En esos últimos días de julio, si al abuelo Manolo le hubieran dado la oportunidad de pedir un deseo, sin duda habría pedido que el 30 de julio se convirtiera indefinidamente en 30 de julio del año anterior.
Volver siempre al último verano. Imagino al abuelo Manolo sentado en el sillón, mirando tras la ventana la bruma que no le deja ver el puerto. Imagino al abuelo Manolo cruzando la habitación, mirando por la otra ventana, la que da al lado sur, pensando cómo es posible que hayan pasado tan rápidamente los últimos 70 veranos. Pero el abuelo Manolo era perfectamente consciente de que no se cumplen los deseos que quebrantan cualquier la ley de vida.
Aquella noche sonó el teléfono. Mi hijo me dijo que el abuelo se había ido al cielo. Volví a oír su voz: me preguntaba que por qué me había quedado tanto rato en silencio. Su madre le había consolado diciéndole que podría encontrar al abuelo en la estrella que más brillara.

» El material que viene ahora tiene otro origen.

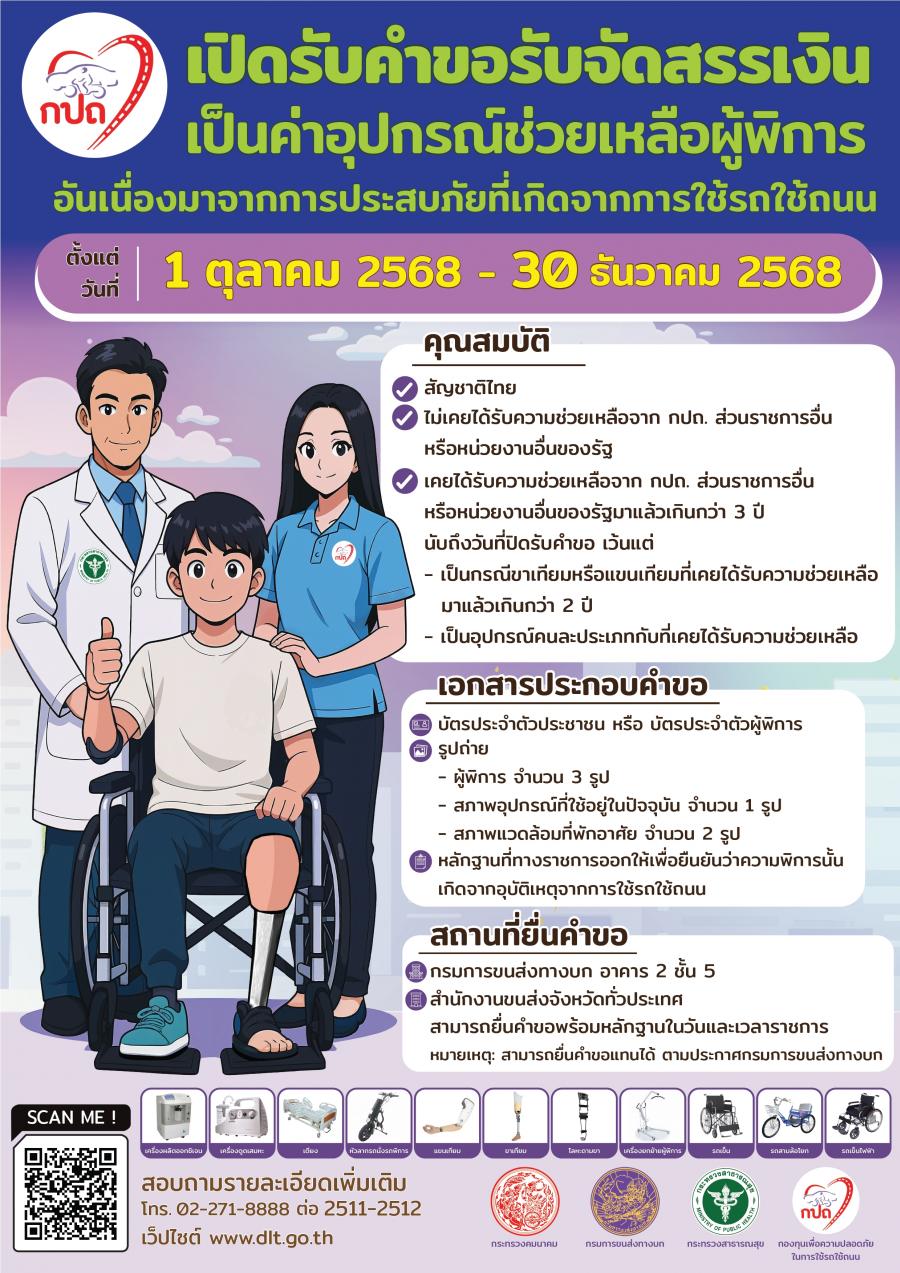 เปิดรับคำขอรับจัดสรรเงินเป็นค่าอุปกรณ์ช่วยเหลือผู้พิการ อันเนื่องมาจากการประสบภัยที่เกิดจากการใช้รถใช้ถนน

Algunas noches mi hijo se angustia porque no consigue distinguir esa estrella. Yo estoy al otro lado del teléfono y le digo que no se preocupe, que yo sí la veo desde donde estoy. Siempre la veo. Y que le diré cualquier cosa de su parte cuando quiera.
Ahora, cuando pienso en el abuelo Manolo, por lo menos me consuela que él sabe la verdad.